WORKING DATA START
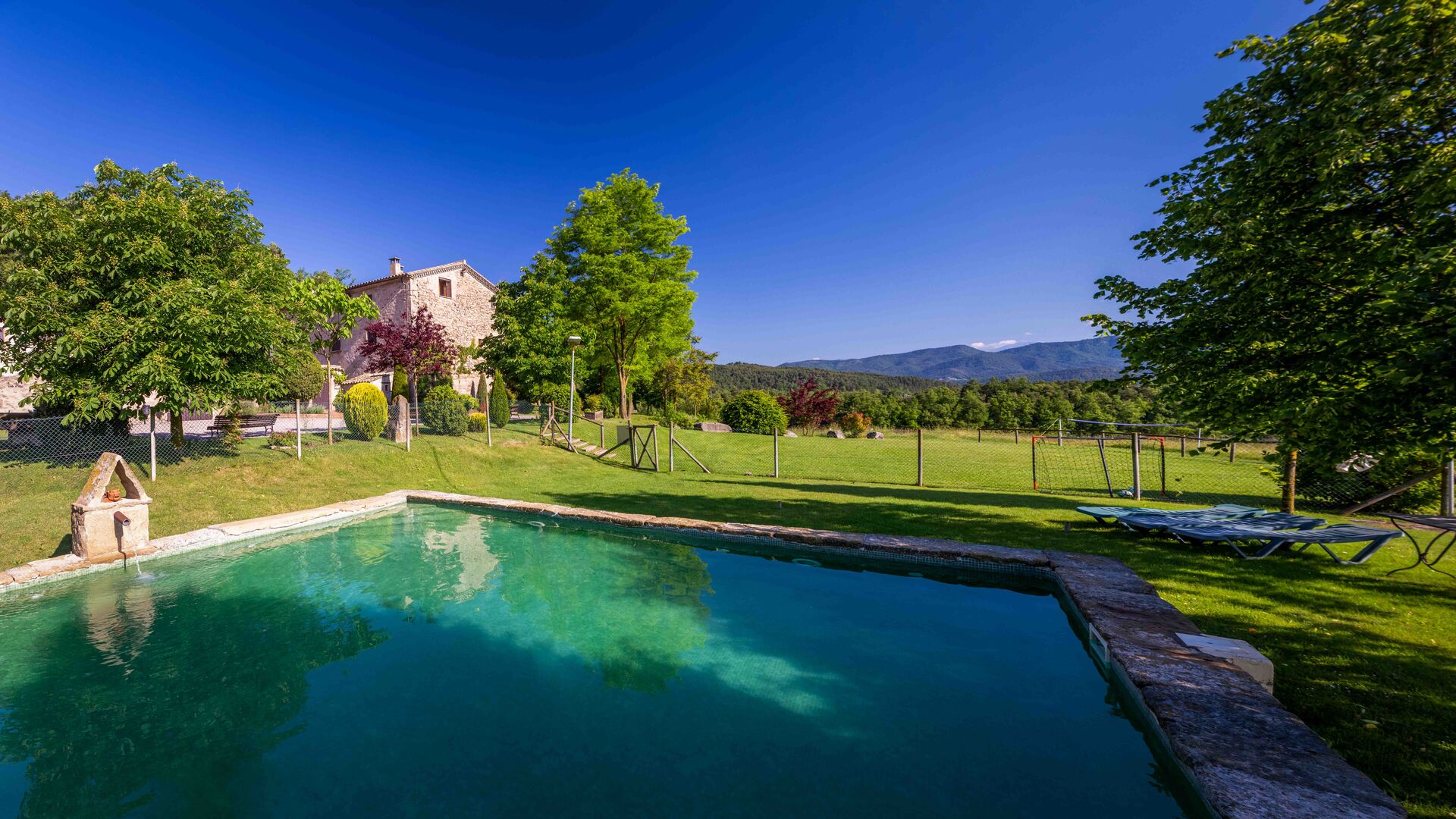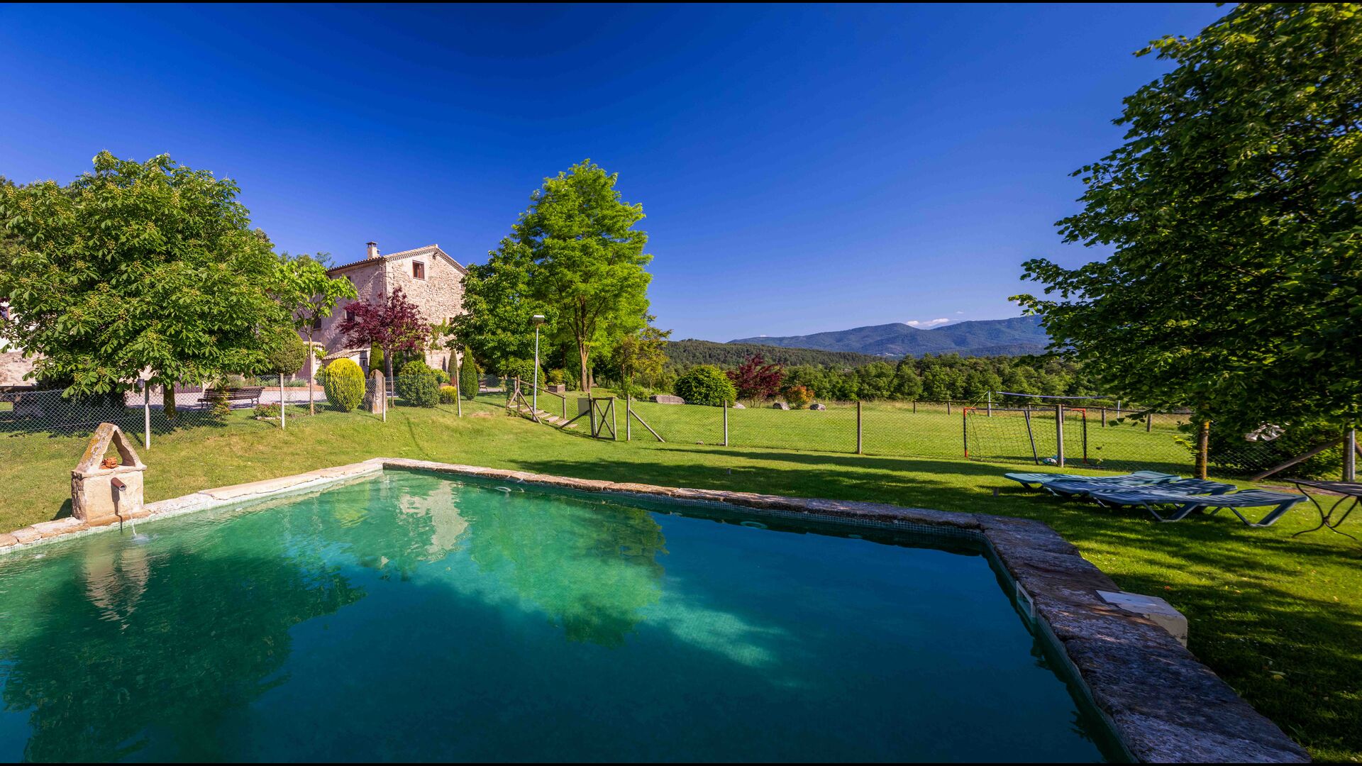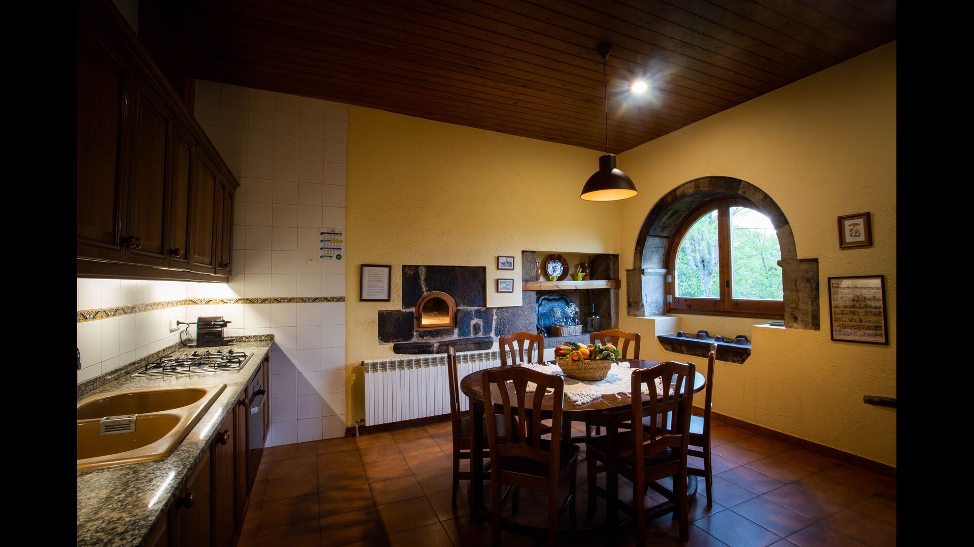 Casa Vinas grande está situada en un entorno tranquilo y verde en un valle en la región de Osona, entre los Pirineos y Barcelona. La casa muy auténtica de ocho dormitorios le proporciona una base privada. No hay vecinos cercanos y alrededor de la casa, hay varios lugares agradables al sol o en la sombra como prefiera para relajarse. La casa tiene dos pisos. En la planta baja, encontrará una cocina totalmente equipada con lavavajillas y microondas, una agradable sala de estar con TV y chimenea y una sala de actividades con ping-pong. Hay cuatro habitaciones que comparten dos baños. Hay dos habitaciones dobles y dos triples y dos camas supletorias posibles. En la planta superior, hay otra cocina totalmente equipada, otra sala de estar y cuatro habitaciones dobles que comparten 2 baños y con dos camas supletorias.
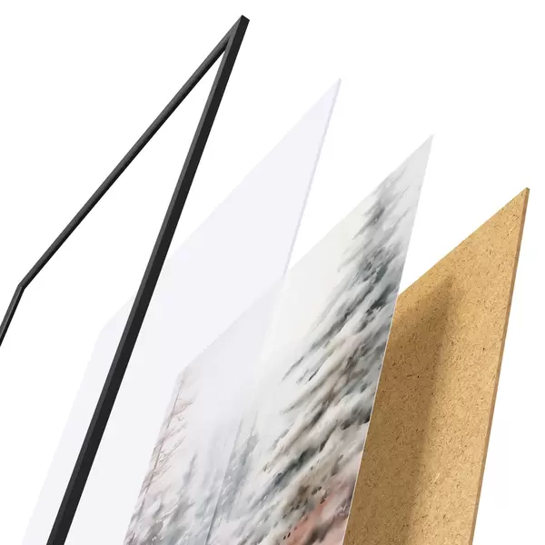 A poszter keretből, plexiből, nyomtatott képből és forgácslap hátlapból áll. A poszter a hátoldalon található rögzítőknek köszönhetően azonnal felakasztható a falra.
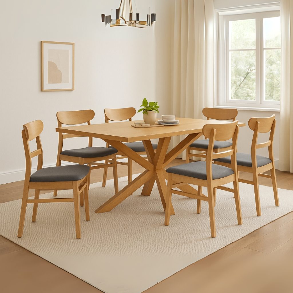 - MARLU 180cm 6 Seater Dining Set-Natural
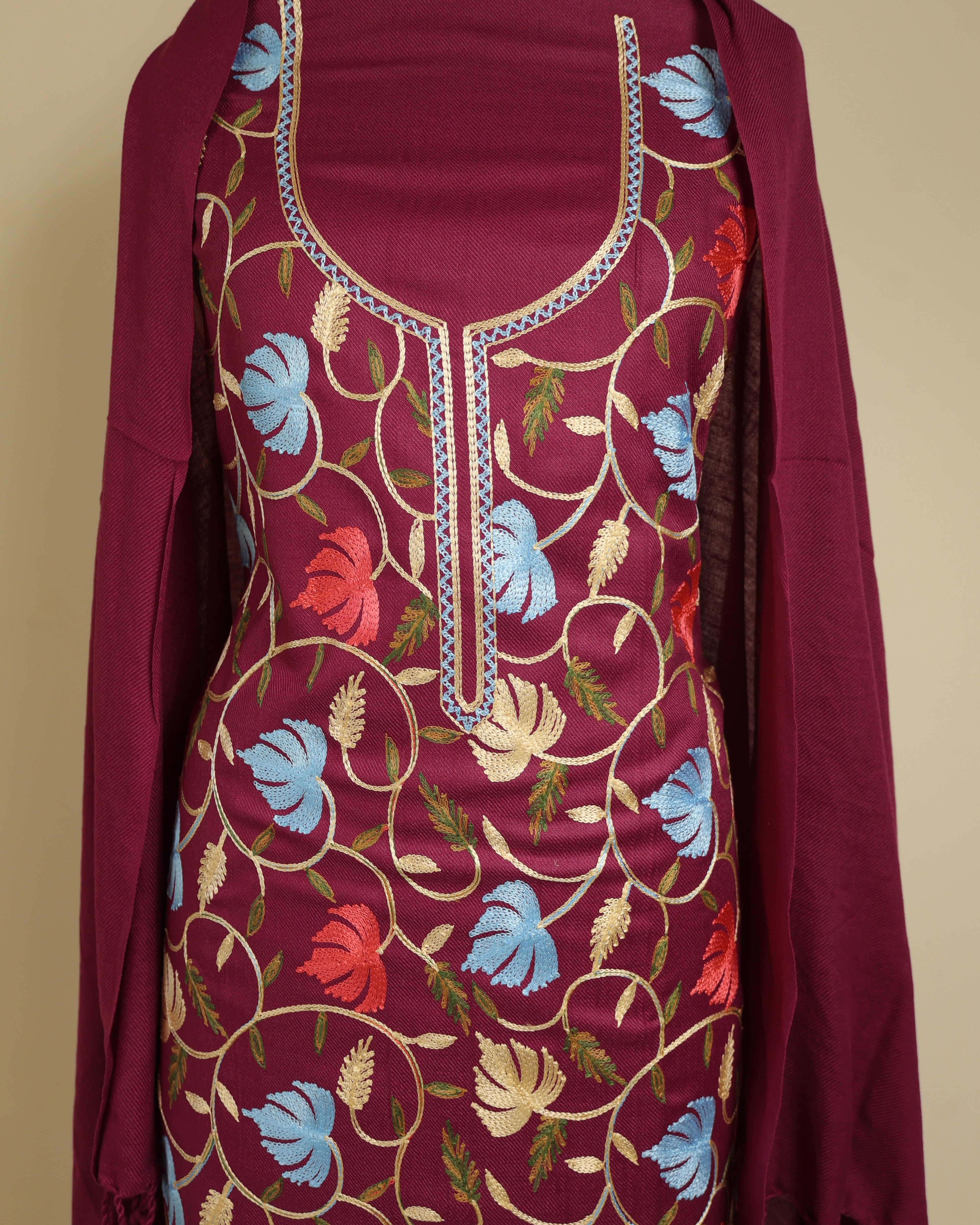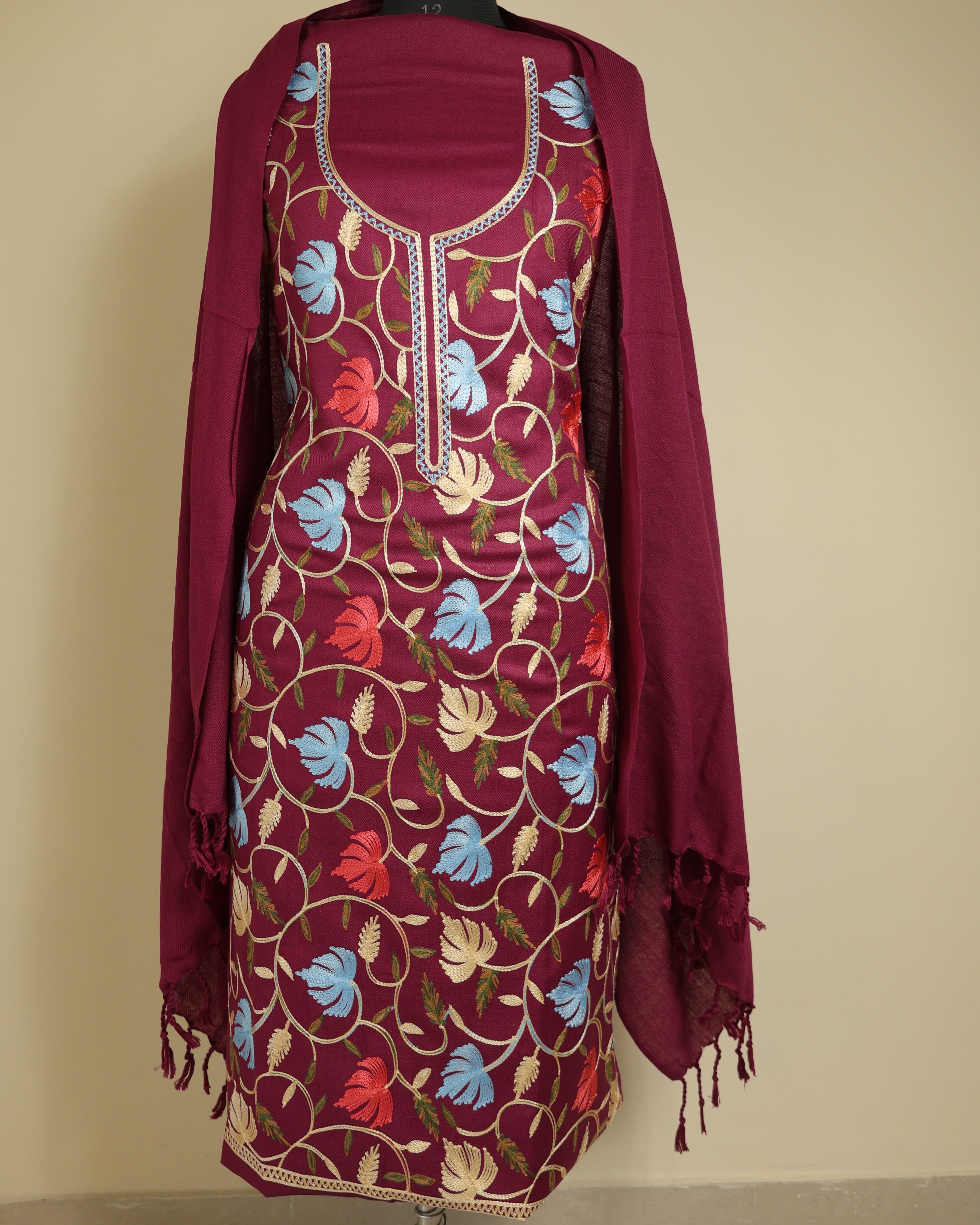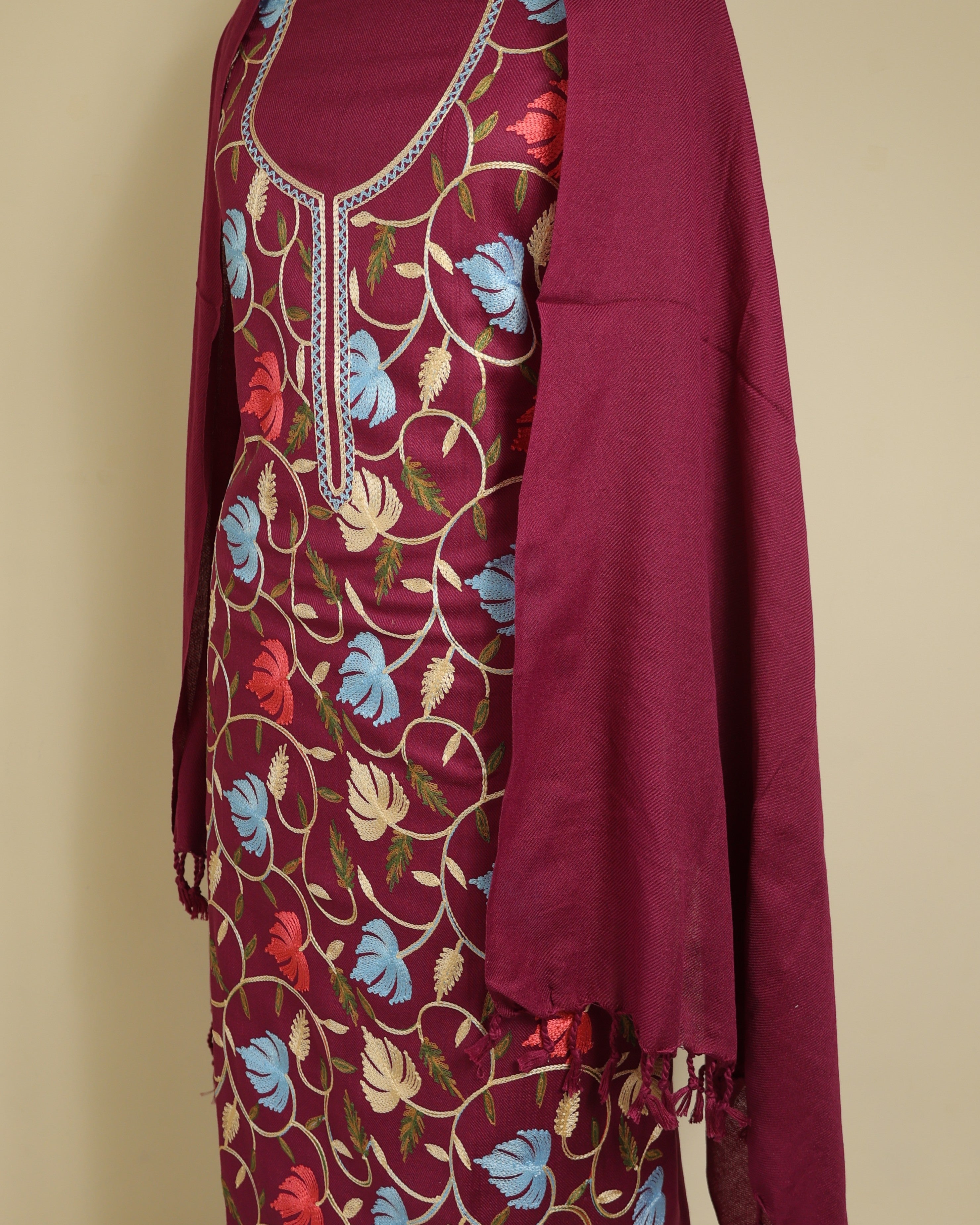 Kurta Fabric:  Soft woolen blend with Aari embroidery in front panel and neck
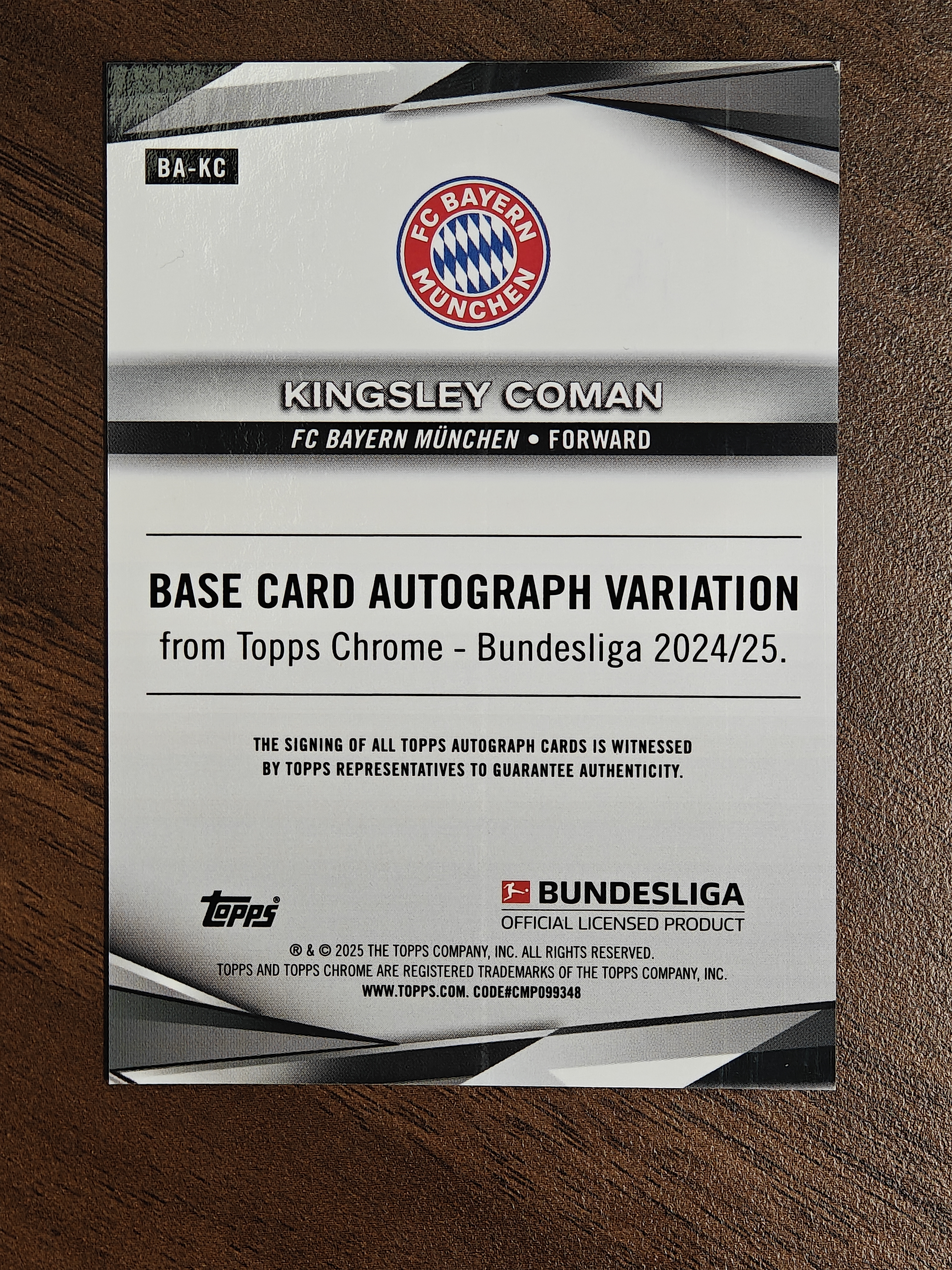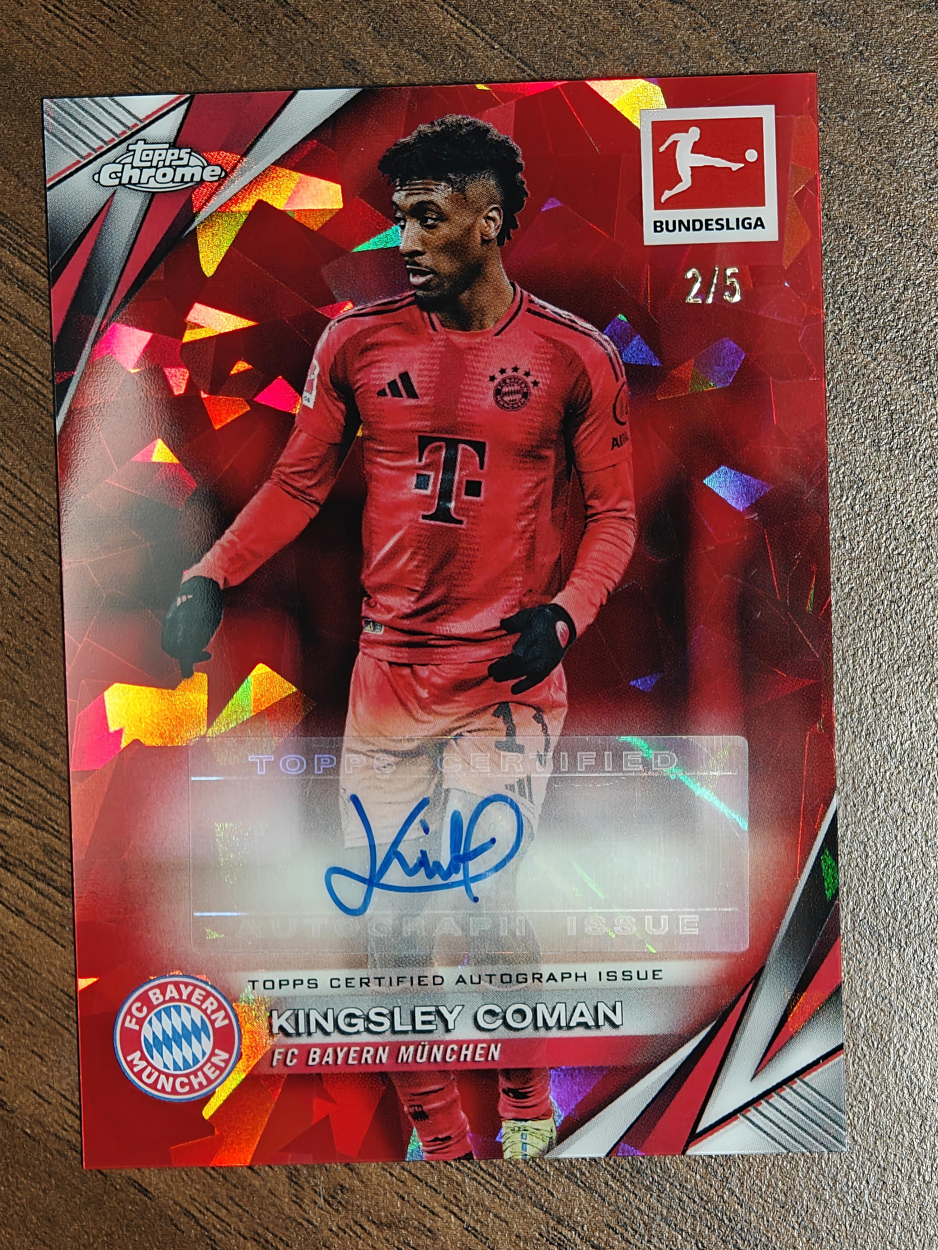 2024-25 Topps Chrome Kingsley Coman 德甲🇩🇪 Bundesliga TC蓝宝石 拜仁 科曼 红碎冰 2/5编 超低编 完美签 仅次于1/1 欧冠功臣最后一年 法国
WORKING DATA END
REQUIREMENT: Begin at the line containing "Kurta Fabric:  Soft" and restate exactly every line through the end of the material, skipping the pictures.

ANSWER TO THIS TASK:
 Kurta Fabric:  Soft woolen blend with Aari embroidery in front panel and neck
 2024-25 Topps Chrome Kingsley Coman 德甲🇩🇪 Bundesliga TC蓝宝石 拜仁 科曼 红碎冰 2/5编 超低编 完美签 仅次于1/1 欧冠功臣最后一年 法国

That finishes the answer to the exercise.